8. The Stock Performance and Equity Financing Implications
NAKA shares closed at $0.21 on March 31, 2026 — down approximately 7% on the day of the 10-K release, before recovering approximately 9% in after-hours trading. The share price represents a decline of approximately 99% from the all-stock's all-time high in May 2025, and a fall of roughly 40% year-to-date. A share price at this level effectively eliminates equity-based financing as a capital raising mechanism. At $0.21 per share, the dilution required to raise meaningful amounts of capital through stock issuance would be so severe as to make it economically incoherent — each dollar of new capital would require issuing a volume of shares that would further depress the per-share price and worsen the dilution spiral. Without equity financing and with the Kraken collateral structure limiting debt options, the available funding mechanism is precisely what the 10-K disclosed: liquidating the bitcoin treasury itself. Whether the 5,058 BTC remaining will be sufficient to fund operations through to a BTC recovery that would enable fresh equity issuance at viable terms is the central financial question facing the company.

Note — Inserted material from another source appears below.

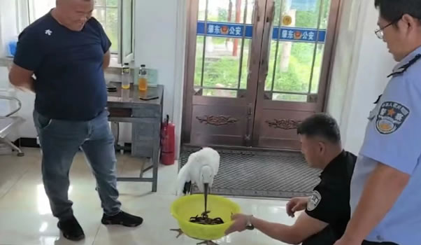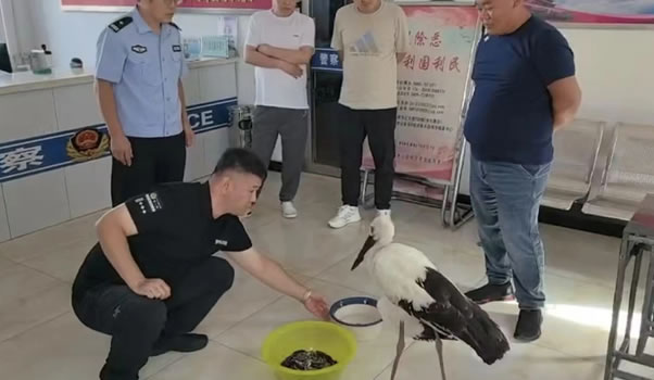 8月28日,躍進(jìn)鄉(xiāng)福龍村書(shū)記宋健來(lái)到肇東市公安局躍進(jìn)派出所,稱在躍進(jìn)鄉(xiāng)福龍村新發(fā)屯草甸子上發(fā)現(xiàn)一只大鳥(niǎo)晃晃蕩蕩落在草甸子上,不斷哀鳴。大鳥(niǎo)體長(zhǎng)120厘米左右,身上大部分呈白色,翅膀下方呈黑色,嘴部呈黑色,嘴的基部較厚,往尖端逐漸變細(xì),并且略微向上翹,前頸的下部有呈披針形的長(zhǎng)羽,腿部較長(zhǎng)。但他一下子想不起來(lái)鳥(niǎo)的名字,只是知道它應(yīng)該是保護(hù)動(dòng)物,因此請(qǐng)求派出所進(jìn)行救助。宋健介紹不知為什么,發(fā)現(xiàn)時(shí)這只大鳥(niǎo)不飛、不動(dòng),行動(dòng)遲緩,也不曾進(jìn)食,走上前也不怕,站在原地,他趕緊將它抱到派出所。民警看到大鳥(niǎo)后宛如“仙鶴”下凡,優(yōu)美的體態(tài),潔白的羽毛,朱紅色的眼眶,寬而長(zhǎng)的翅膀,一看就是不尋常的鳥(niǎo),民警擔(dān)心它有傷或是生病了,立即聯(lián)系肇東市林業(yè)部門,尋求專業(yè)的指導(dǎo);經(jīng)專家仔細(xì)辨認(rèn),這只鳥(niǎo)類并不是“仙鶴”,而是被譽(yù)為“鳥(niǎo)中大熊貓”的東方白鸛,是國(guó)家一級(jí)保護(hù)動(dòng)物。經(jīng)初步檢查,其外表沒(méi)有明顯傷痕,右側(cè)翅膀受點(diǎn)輕傷耷拉下來(lái),但整體狀態(tài)較為虛弱,民警在派出所設(shè)置臨時(shí)保護(hù)區(qū)域,確保動(dòng)物的安全,避免其受到二次傷害,民警拿來(lái)小魚(yú)和水進(jìn)行投喂,白鸛簡(jiǎn)單吃了幾只小魚(yú)。隨后民警對(duì)村書(shū)記的救助行為表示感謝。

9. Comparison to Peers: Strategy and GameStop
The contrast between Nakamoto's position and that of the two largest corporate bitcoin treasury operators is instructive. Strategy holds 762,099 BTC at an average cost of approximately $76,000 per coin — a position sized and structured with enough reserve capital and debt headroom to absorb sustained BTC weakness without requiring liquidation. GameStop, which acquired 4,709 of its 4,710 BTC through a covered call strategy funded by Coinbase Credit, holds its position with no margin call exposure and a fundamentally different cost structure. Nakamoto's situation — concentrated high-cost acquisitions, significant debt secured against the treasury, and equity financing channels closed by share price collapse — represents the failure mode of the bitcoin treasury model when applied without the scale, capital structure, and financial flexibility that makes Strategy's approach sustainable through bear markets.

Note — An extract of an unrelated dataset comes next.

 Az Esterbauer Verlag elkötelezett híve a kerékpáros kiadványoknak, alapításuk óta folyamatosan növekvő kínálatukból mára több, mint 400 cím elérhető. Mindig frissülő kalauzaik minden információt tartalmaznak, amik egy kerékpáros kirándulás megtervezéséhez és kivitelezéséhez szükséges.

10. What Comes Next for Nakamoto
David Bailey's public commentary emphasised continuity: the company describes its BTC accumulation approach as disciplined and capital-efficient, frames the first year as having been dedicated to building the operational engine, and signals continued interest in high-conviction acquisition opportunities. The practical reality facing the company is more constrained. The 5,058 BTC remaining after the March sale, valued at approximately $335 million at current prices, is pledged as collateral security for the Kraken loan and constrained in its deployability. The $16.8 million annual interest obligation must be met from available liquidity, which will continue to be generated primarily from the operating businesses acquired in February. Whether BTC Inc.'s media and events revenues and UTXO Management's investment returns can fund the interest obligations without requiring further bitcoin liquidation depends on the pace of the company's operational integration and the trajectory of bitcoin prices. The 10-K disclosure has made the company's financial constraints public in a way that will require demonstrable progress before investor confidence can be rebuilt — a challenge compounded by a share price that has left essentially no institutional shareholder base with anything other than significant unrealised losses.